Real Estate News

Another rate adjustment suspected from Federal Reserve

Published: 07 Jun 2017

Earlier this year, the Federal Reserve raised interest rates after already doing so a few months earlier. There have been hints all along that more rate changes may come before 2018, and June may be the month when the next increase starts. Both The New York Times and Reuters used comments from Federal Reserve Governor, Lael Brainard, as the basis for this prediction.

According to the Times, Brainard only believes that the current month will be the one to see a rate hike, and suggested  that better inflation rates would be needed to justify a further rate jump , which could still be on the way.

Reuters, who called Brainard "influential," quoted her describing the staggered approach to raising securities caps. She specifically mentioned the role federal rates could play.

"Predictability, precision, and clarity of communications all argue in favor of focusing policy on the federal funds rate as the single active tool," Brainard said. "The balance sheet essentially would remain subordinate to the federal funds rate."
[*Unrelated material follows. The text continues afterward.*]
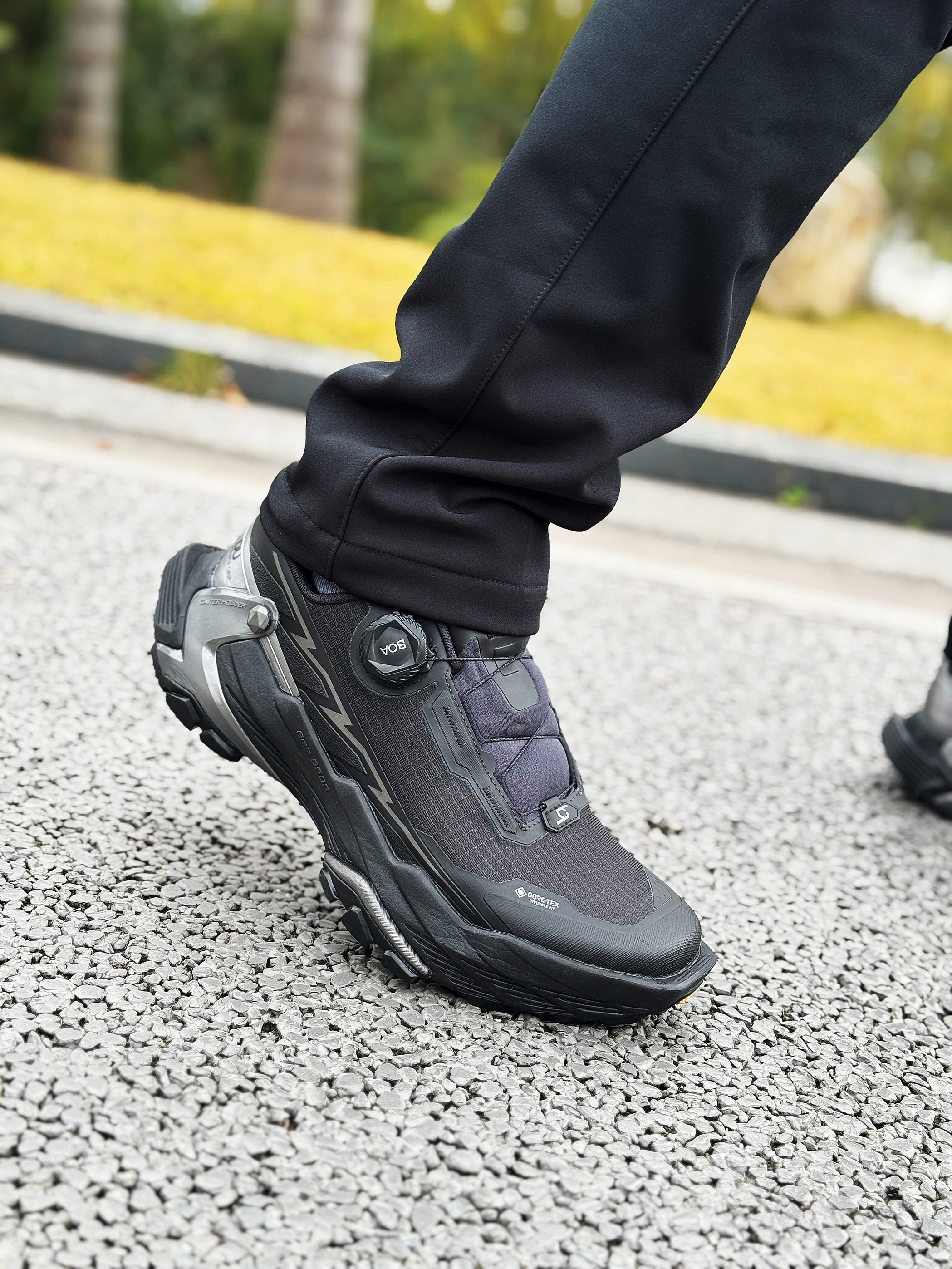 很早就被这双凯乐石FUGA DU 黑山大坡王种草了 整体黑武士装扮太酷了! BOA绑带系统是我最喜欢的 让鞋子穿脱起来很方便!鞋子整体上脚很轻便 网布鞋面透气舒适 防水防泼也很实用!中底采用了超临界 脚感很舒服 爬山徒步久了不会觉得累脚! 黑色又充满机能风的造型日常通勤穿也不错 尺码正常选择!

It's significant to note that the mere anticipation of what the Reserve will do could be enough to affect mortgages, or possibly put activity into a holding pattern. The Chicago Tribune said that the Fed plans to meet on June 14, and that mortgage rates on the first week of June were "flat" at the moment, although some rates have decidedly moved lower.

While a few may have either stayed the same or declined, in a June 1 statement Freddie Mac said that rates for "5-year Treasury-indexed hybrid adjustable-rate mortgages" have actually increased in both the span of a year and between then and the previous week. In comparison, the 5/1 ARM sat far below both the comparable rates for 15 and 30-year fixed rate mortgages.